Heroic Conservatism
Why Republicans Need to Embrace America's Ideals (And Why They Deserve to Fail If They Don't)
by Michael Gerson
HarperOne, 320 pp., $26.95
This well written and engaging memoir from former White House speechwriter Michael Gerson offers a strong defense of administration policies and a you-are-there perspective on some of the most important decisions and utterances made by President Bush in his first six years in office.
Along the way, Gerson also reveals the novel ideological character of Bush's presidency, as well as the limits of his approach to governing. Moreover, his account goes out of its way to confirm the fears of earlier writers who have attacked the president for being an "imposter" conservative. It is an apology for the administration that unapologetically defends the administration's most unconservative aspects.
As Gerson writes, "It is fair to ask: In what sense is this approach of mine conservative?" It is a good question. Gerson calls his approach "idealism," which he contrasts with the "noble pessimism" of "traditional conservatism." And it is worth studying his approach, since its most prominent adherent, according to Gerson, is George W. Bush himself.
Gerson's idealism has two parts. The first, "idealism abroad," concerns the "promotion of liberty and hope" as "alternatives to hatred and bitterness." The second, "idealism at home," involves a "determination to care for the weak and vulnerable" while healing "racial divisions" by the "expansion of opportunity." Idealism is not the "ideology of minimal government," nor is it the "rigid secularization" that endangers "one of the main sources
of social justice in American history," religious faith.
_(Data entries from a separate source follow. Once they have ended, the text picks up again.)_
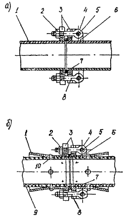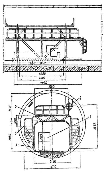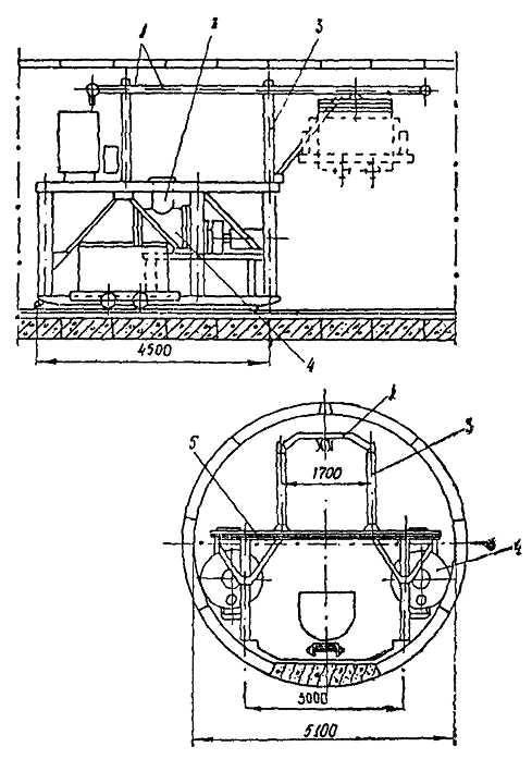 * Растворонасос СО-10 может оснащаться приставкой Марчукова прямого действия, позволяющей нагнетать малоподвижные растворы. ** Насосная установка СО-200 в комплексе со смесителем СО-201 (СО-211) позволяет осуществить непрерывное приготовление и нагнетание раствора. Приложение 9Технологические тележки для нагнетания раствора в перегонных тоннеляхСхема технологической тележки ТН 16 Гп для первичного нагнетания раствора представлена на рис. П.9.1. Рис. п.9.1. Схема технологической тележки для нагнетания раствора: 1 - балка для подвески тельфера; 2 - загрузочный люк; 3 - рама для монорельса; 4 - растворонагнетатели; 4 - рама тележки Рис. П.9.2. Схема технологической тележки для контрольного нагнетания: 1 - ходовая часть; 2 - боковые площадки; 3 - верхняя площадка; 4 - вентиляционный трубопровод; 5 - электровоз Техническая характеристика Тележка предназначена для работы в тоннеле диаметром, мм .................. 5100 Тележка оснащена двумя растворонагнетателями РН-1, м3 ...............…… 0,235 Грузоподъемность, т ............. ………………………………………………..3,2 Установленная мощность, кВт ........……………………………………….. 18 База, м ..................…………………………………………………………… 4,5 Габаритные размеры, мм: длина .............…………………………………………………………… 7800 ширина ................……………………………………………………….. 4600 высота ...............…………………………………………………………. 4700 Масса, т ................……………………………………………………………. 22 Схема инвентарной тележки для контрольного нагнетания представлена на рис. П.9.2. Техническая характеристика Грузоподъемность, т ..........….. 1,0 Колея, мм ..............……………. 3130 База, м ................………………. 3,7 Механизм передвижения .......... ручная лебедка Габаритные размеры, мм: длина ..............…………….. 6200 ширина ..............………….. 4700 высота ...............…………... 3500 Масса, т ...............……………… 3,1 Пневматическая торцевая опалубкаПневматическая торцевая опалубка компонуется из мягких оболочек цилиндрической формы различных диаметров и длины со сферическими или плоскими торцами. Оболочка (Рис. П.10.1) состоит из силовой покрышки, изготовленной из высокопрочной капроновой ткани, и герметичной резиновой камеры со штуцером. К штуцеру присоединен резиновый рукав с запорным вентилем. Схема установки пневматической торцевой опалубки в перегонном тоннеле диаметром 5,5 м конструкции ДГИ представлена на рис. П.10.2. Техническая характеристика Количество оболочек, шт ....... 6 Диаметр оболочки, м ..........… 0,4 Длина, м ..............……………. 2,2 (2) Рабочее давление, Мпа ........... 0,3 - 0,4 Масса оболочки, кг ...........….. 8 То же комплекта, кг..........….. 52 Рис. П.10.1. Конструкция мягкой оболочки: 1 - силовая покрышка; 2 - резиновая камера; 3 - штуцер; 4 - резиновый рукав; 5 - вентиль Рис. П.10.2. Схема установки пневматической торовой опалубки: 1 - сборная обделка; 2 - основная оболочка; 3 - вспомогательная оболочка; 4 - рукав с вентилем В комплект входят вспомогательные оболочки диаметром 0,2 м, длиной 1,2 м, укладываемые на основные (если зазор между обделкой и грунтом превышает 0,4 м). Чтобы не превышать рабочее давление в мягких оболочках, заполнение их сжатым воздухом рекомендуется осуществлять через регулятор типа 112-25 УХЛ-4, устанавливаемый на основной магистрали сжатого воздуха. Приложение 11Торовое устройство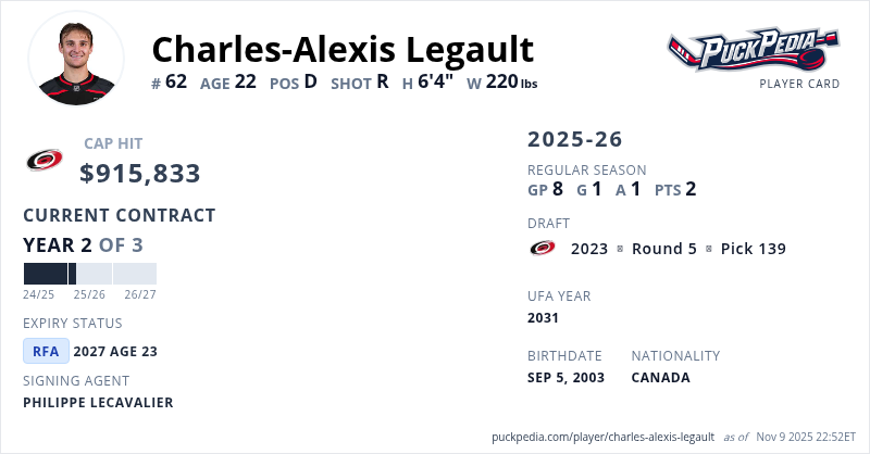 Charles-Alexis Legault is signed to a 3 year, $2,747,499 contract with a cap hit of $915,833 per season, playing for the Carolina Hurricanes. His contract expires at the end of the 2026-27 season, making Legault a Restricted Free Agent.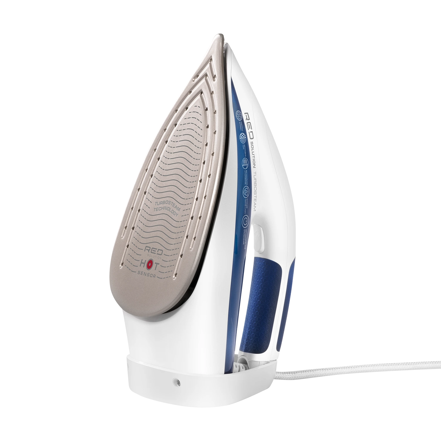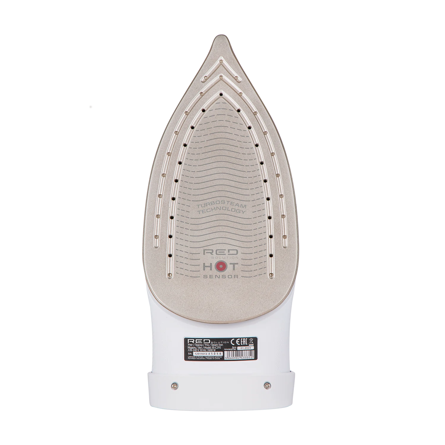 Анионная керамическая подошва убирает статику с ткани, а линейные отверстия по краю подошвы производят постоянную подачу пара, что обеспечивает идеальный результат глажки. Центральная горячая зона без отверстий отлично скользит и не прилипает даже при самых высоких температурах. Среди других преимуществ утюга RED SOLUTION RI-C295:

Furthermore, idealism itself is endangered. Currently there is a "backlash" against it. Some on the right seek to replace idealism abroad with "realist" policies which are "deeply skeptical" that "other countries can sustain democracy." Others want to "get back" to what they see as the "real business" of conservatism: "cutting government." Gerson does not like these people. He saw their governing vision at work "in the aftermath of Hurricane Katrina," when the "administration found men and women who had never had a bank account." Such a problem--"so clearly rooted in governmentally enforced oppression"--requires an "active response by government."
If all this sounds to you remarkably like Democratic talking points circa 2005--that somehow an emphasis on individual responsibility rather than government dependency causes human suffering--you are right. Democrats emerge from Heroic Conservatism relatively unscathed. True, Gerson criticizes their party's abortion policies, its secularism, its view that "ethical relativism is the only answer to moral arrogance," and its lack of serious ideas about how to confront the nightmarish "combination of Islamic radicalism and proliferation." But he saves his real ire for those conservatives, if they exist, who do not hold the "radical belief in the rights of every individual" and a "conviction" that government "must act"--"when appropriate"--to "secure those rights when they are assaulted by oppression, poverty, and disease."
Nor does Gerson hold his fire on those "conservative critics" who enjoy the "severe pleasure of cutting food stamps," who seek "steep reductions in foreign assistance," and who wanted to pay "the costs of Katrina" by "postponing or ending the Medicare prescription-drug benefit." He blames the "weak, uncreative policy" of the now-forgotten 2004 State of the Union address on "budget concerns" caused by the "internal triumph of conventional Republican thinking." He rejects the idea that the Bush administration's budgets were excessively large; he found them "frustratingly restrictive."